3 thoughts on “Rural health providers alarmed by regulatory changes #ahcj14

  1. Robert C. Bowman, M.D.

    I did a comparison of rural Oklahoma Medicare office visits compared to suburban Arizona.

    Findings

    Pay is more where more physicians are found
    Pay is less where physicians are needed as set in place by the payment design.

    Rural areas have more Medicare, Medicaid, low pay, no pay
    Rural areas have fewer new patient visits – so the result is less revenue due to more repeat visits
    Rural areas have more patients who are older or sicker with higher complexity of patient care billed. This results in relatively less revenue if patients are not steered to more and usual length visits. It is better to see more patients for shorter time periods to generate reasonable revenue but this may not even keep the doors open as the pay is less in states in need of physicians and in areas with lesser pay – by design
    Reductions of pay for NP and PA also limit this non-physician workforce.

    Suburban areas have more insurance, higher, and highest pay patients for more revenue
    Suburban areas have more new patient visits so higher revenue

    Usual office visit 99213
    Rural OK Billed $86 Paid $38
    Suburb AZ Billed $95 Paid $50 or 32% more for the same service
    NYC Billed $215 Paid $44 to $59 (two different payments)

    More extensive office visit 99214
    Rural OK Billed $124 Paid $62
    Suburb AZ Billed $156 Paid $78 or 26% more for the same service

    If the rural doc bills a 99215 for the most extensive office visit, only $7 more for higher complexity. Much better to have shorter visits and more visits – high patient complexity can kill a practice by design

    The rural location has predominantly Medicare, Medicaid, low pay, and no pay patients. The patients are established patients so there are fewer with higher paid new patient visits (or the doctor’s office fails to understand that they can bill more and get paid more).

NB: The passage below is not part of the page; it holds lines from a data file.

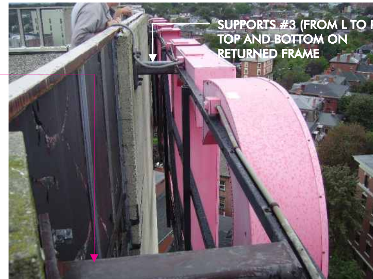
SUPPORTS #3 (FROM L TO R) TOP AND BOTTOM ON RETURNED FRAME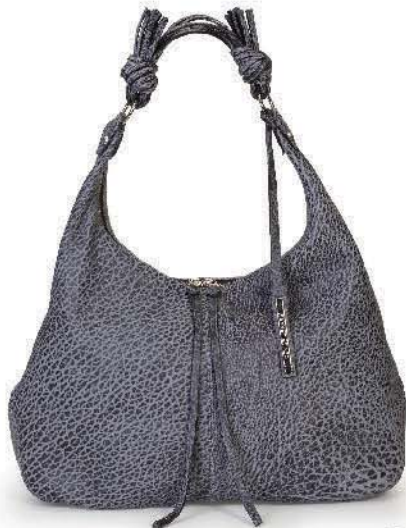
Ref: DG005/03 Black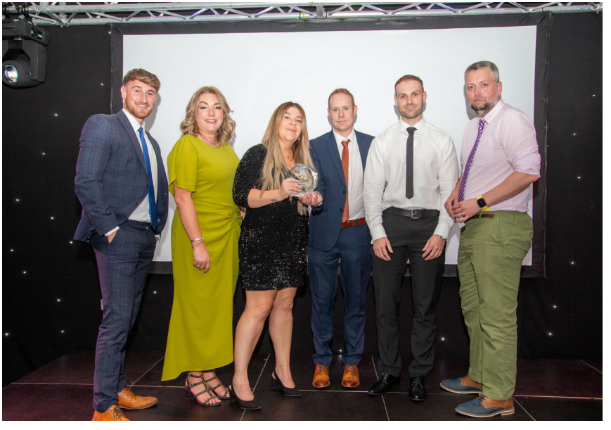
Innovation and Quality Improvement Award: Procurement and Paeds ED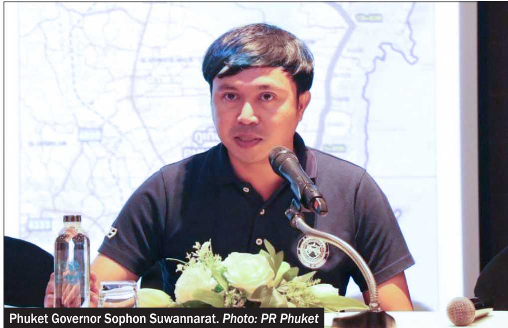
Phuket Governor Sophon Suwannarat.

The Pa Khlok road expansion was part of the Phuket Highways Office highway development plan “to hasten to solve the problem of traffic congestion and expand traffic channels to develop the infra-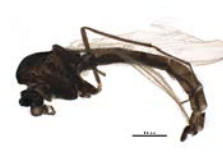
BIOUG16142-G03 [Lateral] Orthoclaadiinae BIN URI: BOLD: ACC4669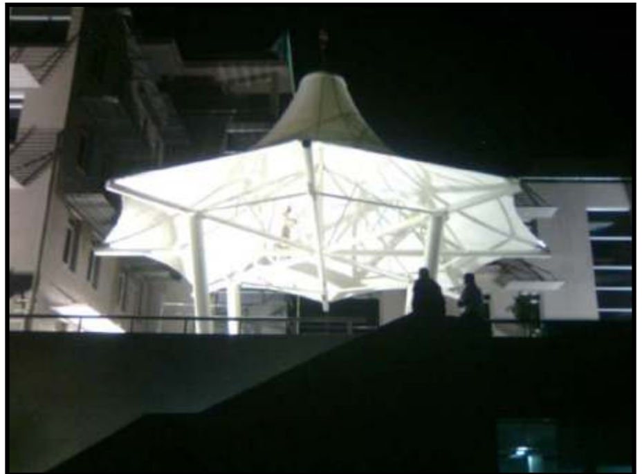
Fabricator : Texwise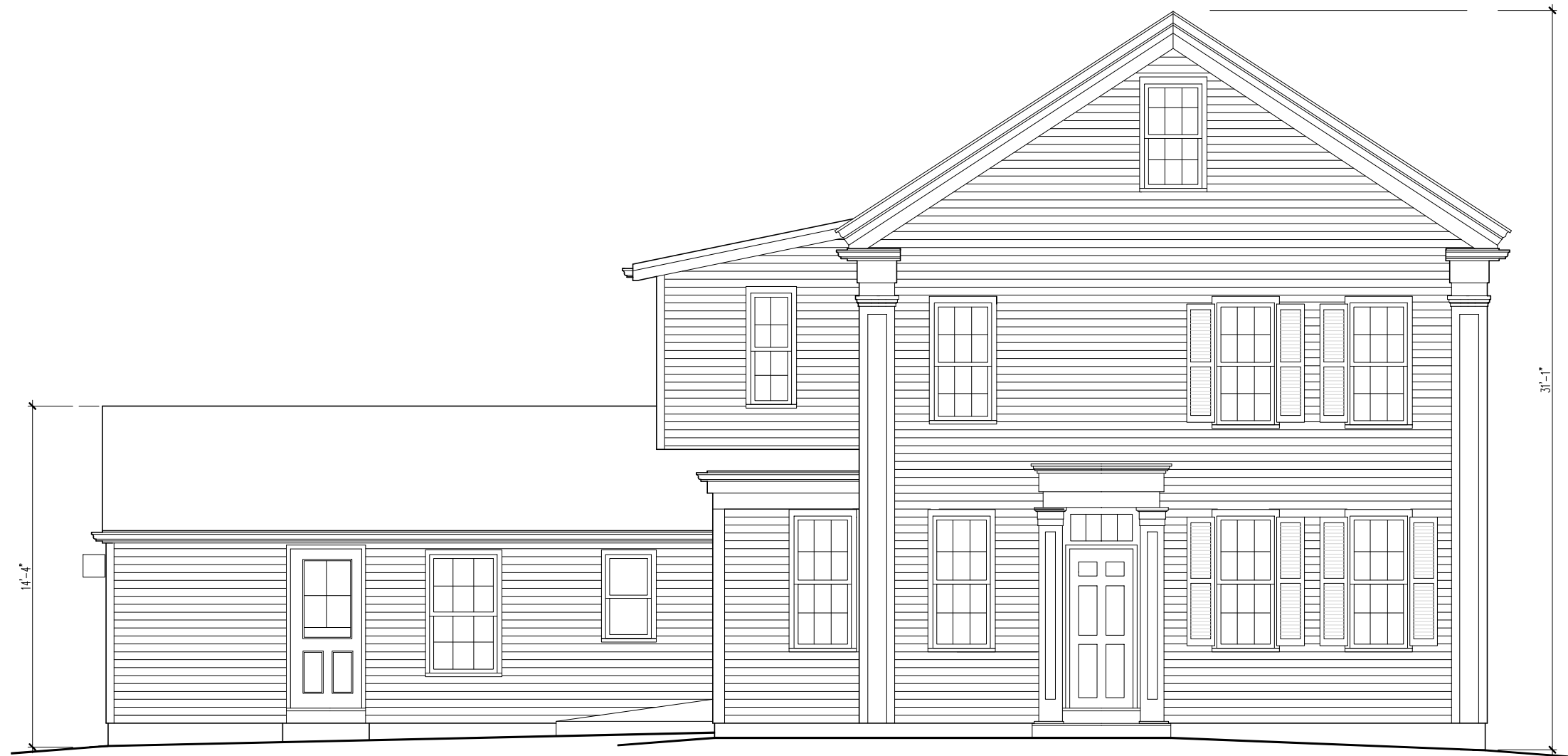
EXISTING LEFT SIDE ELEVATION

JMA ARCHITECTS + PLANNERS Four New Street, Unit 101 Newburyport, Massachusetts 01950 [phone] 978. 465. 2263 [mobile] 978.621. 0811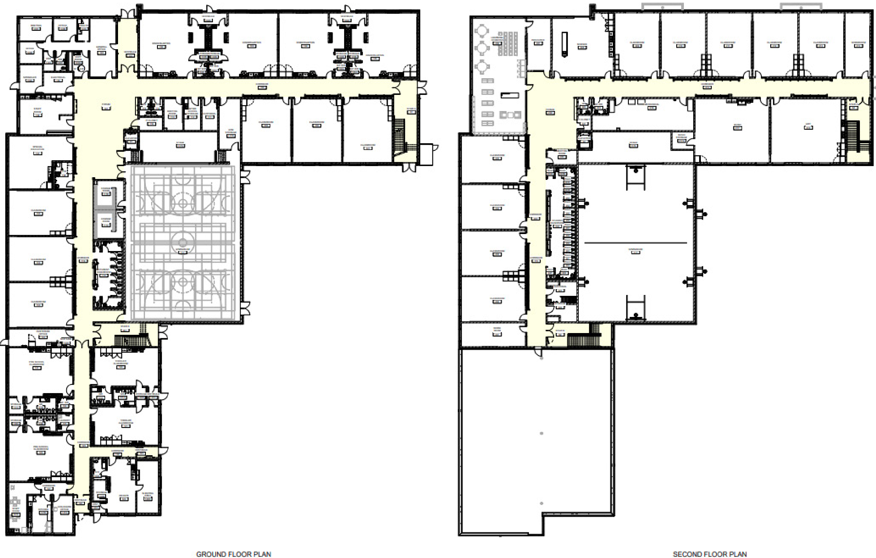
Waterdown Elementary School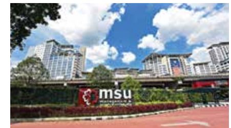
Management & Science University (MSU)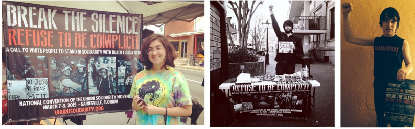
Uhuru Solidarity Movement organizes solidarity in Gainesville, FL for the historic 2015 National Convention, "Break the Silence, Refuse to be Complicit!"

The African People's Solidarity Committee and its mass organization, the Uhuru Solidarity Movement works to bring the worldview of African Internationalism and the demand for reparations into the heart of the white community.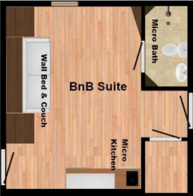
BnB Suite (Model 3x-2068 only)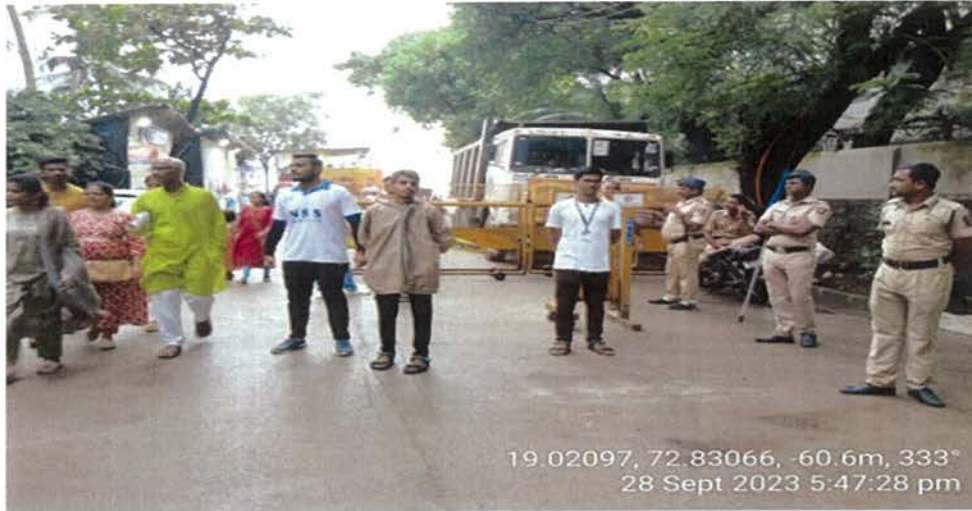
RJC NSS volunteers controlling traffic with traffic officers

    The suburban location has a mix of patients and insurance in suburban AZ with other plans paying higher compared to lower Medicare and lowest Medicaid pay.

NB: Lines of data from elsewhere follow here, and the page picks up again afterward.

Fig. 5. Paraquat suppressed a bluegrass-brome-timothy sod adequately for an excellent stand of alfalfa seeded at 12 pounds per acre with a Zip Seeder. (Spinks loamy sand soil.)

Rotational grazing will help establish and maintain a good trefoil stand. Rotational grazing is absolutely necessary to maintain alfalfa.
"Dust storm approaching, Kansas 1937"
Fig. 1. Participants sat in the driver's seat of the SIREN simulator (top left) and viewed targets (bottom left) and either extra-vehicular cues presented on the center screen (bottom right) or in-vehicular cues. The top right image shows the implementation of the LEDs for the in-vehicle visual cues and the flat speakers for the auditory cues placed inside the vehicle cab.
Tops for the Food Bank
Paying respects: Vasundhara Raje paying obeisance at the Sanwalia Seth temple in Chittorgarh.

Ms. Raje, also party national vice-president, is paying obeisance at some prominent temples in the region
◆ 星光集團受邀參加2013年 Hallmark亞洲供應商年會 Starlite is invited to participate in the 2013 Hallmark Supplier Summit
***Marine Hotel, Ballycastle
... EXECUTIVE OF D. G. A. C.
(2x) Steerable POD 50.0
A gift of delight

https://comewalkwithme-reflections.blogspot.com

    A Medicare listing of over $80,000 for a family doc in a zip code short of physicians (40,000 zips) may represent significant revenue from Medicare, Medicaid, low pay, and no pay.

    Docs paid less from Medicare in family medicine are likely to do much better in revenue and in income.

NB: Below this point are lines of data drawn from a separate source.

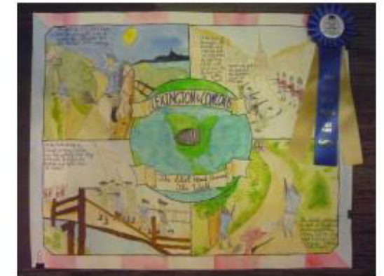
The Americanism Poster Contest

“The objects of this Society are declared to be patriotic, historical, and educational....” -Constitution of the SAR Article II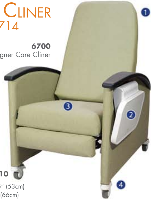
6700 Designer Care Cliner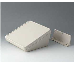
B4418207 PROTEC 180, Vers. II ASA+PC (UL 94 V-0) off-white RAL 9002 180x180x92mm IP 65 opt.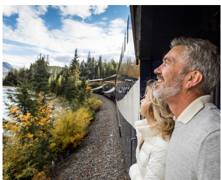
Exclusive Outdoor Viewing Platform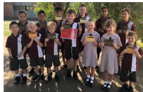
Effort Wk 3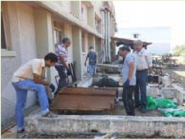
Pic 27 Around CSPCS building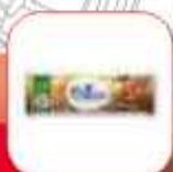
NESFIT BAR BANANA-CHOCOLATE 23.5 GR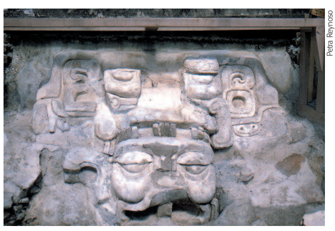
Kinich Ahau mosaic, Temple VI.

Comalcalco grew to a large size after the fourth and fifth centuries A.D. Its golden age would then last until the eighth and ninth centuries.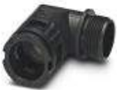
Cable gland, metric thread, IP68/69k protection, angled

Screw connection - WP-GA HF IP69K M40 BK - 3240915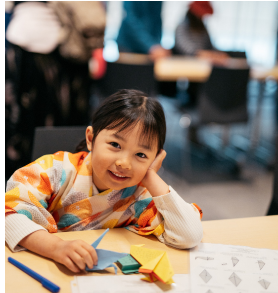
A young garden guest working on some origami during Children's Day in 2023.

Children's Day is observed in Japan as a day to honor all children in the hopes that they will grow up healthy and strong. Cloth carp streamers, or koinobori , are flown to bring good fortune to children. Come to the Garden with your family to listen to taiko music performed by children, participate in a scavenger hunt, create origami projects, and satisfy your curiosity about koi.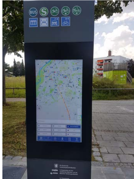
Figure 12: Information column with the Smart City Webapp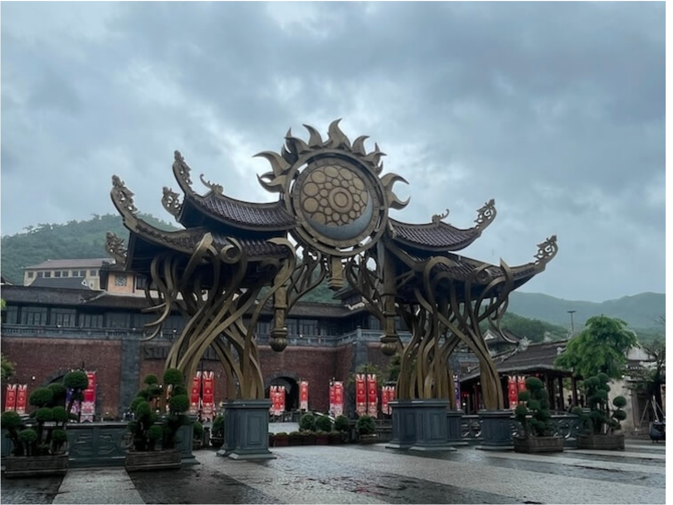
Architecture at Ba Na Hills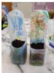
Recycled Milk Bottle Planters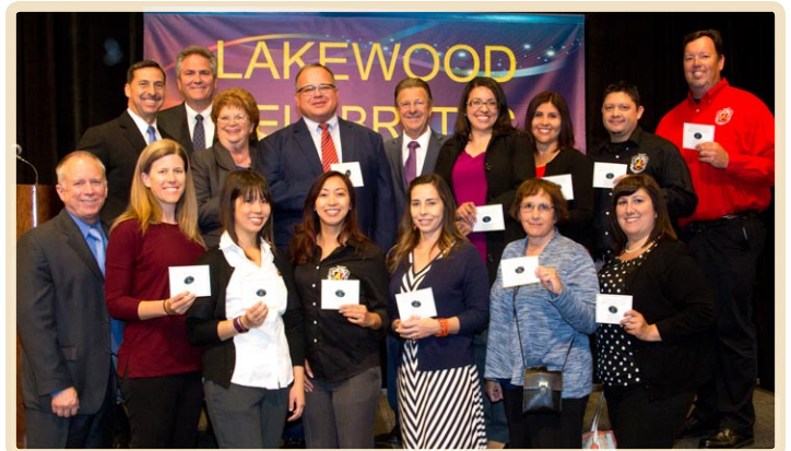
Artesia HS administrative team and teachers recognized for "Making a Difference".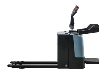
P20/25-T Capacity: 2.0/2.5T Fork Width: 540/685mm Fork Length: 1150/1220mm ZAPI Full AC Battery: 24V 240/270AH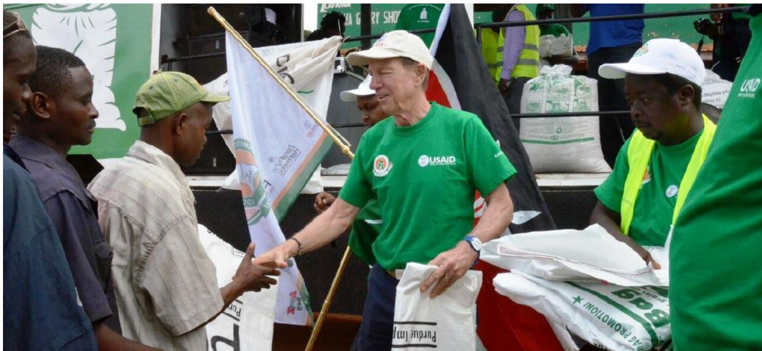
A USAID official giving Mwatate Sub County residents the hermetic bags for storing their farm produce for a long time without being infested by pests

County residents have been urged to fully embrace the newly launched hermetic grain storage bags that are affordable and efficient.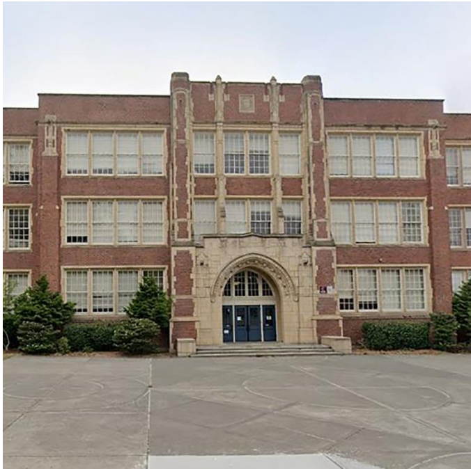
EXISTING STONE DETAILING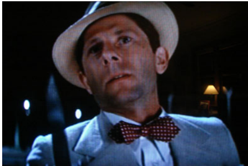
Fig. 6: Roman Polanski

and the director tore apart Towne's original script and reshaped it into the final draft that Polanski shot, but not without resulting in years of acrimony."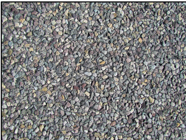
← RP 8, close-up view of the chip seal surface.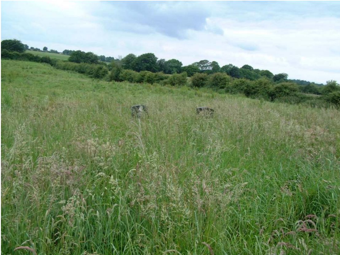
Overview of part of Cemetery

    Practices where fees paid are lower to lowest tend to be thin margin and on the edge of failure.

    Failure of health access is by design – as indicated in the evidence decade after decade for over 30 years.

    The Reagan administration ignored a call by the Oklahoma Legislature for One Zone Medicare or the same payment for the same service provided – in 1985. I was the rural family doctor who worked with the state medical association and the legislature to get this resolution passed – and administrations since this time have ignored the inequity by design.

  2. Bryan Thompson

    Very interesting, Dr. Bowman. I’m curious why your comparison is between rural Oklahoma and urban Phoenix, rather than rural vs. urban Oklahoma, or rural vs. urban Arizona? I was the moderator for this panel discussion, by the way.

  3. Robert C. Bowman, M.D.

    Started practice in Nowata OK and am now in suburban Phoenix so the initial comparisons were convenience based on past experience.

    Best separations are seen in coding by number of hospitals in a county with a clear linear difference – most pay for counties with 10 or more, least pay for those without a hospital.

    Currently working to geocode the Medicare data using zip code. After working to get a good 5 digit zip, I found errors. So I had to clean the database as the zip codes were off on some – makes me hope that they get paid electronically.

    About to look at NP and PA as initial pay looks significantly lower – not a surprise regarding less than expected utilization. Ortiz noted Rural Health Clinics did not demonstrate cost savings with NP.

    Then there is the whole county shortage designation situation – still crazy after all these years and 3 failed attempts at reforms.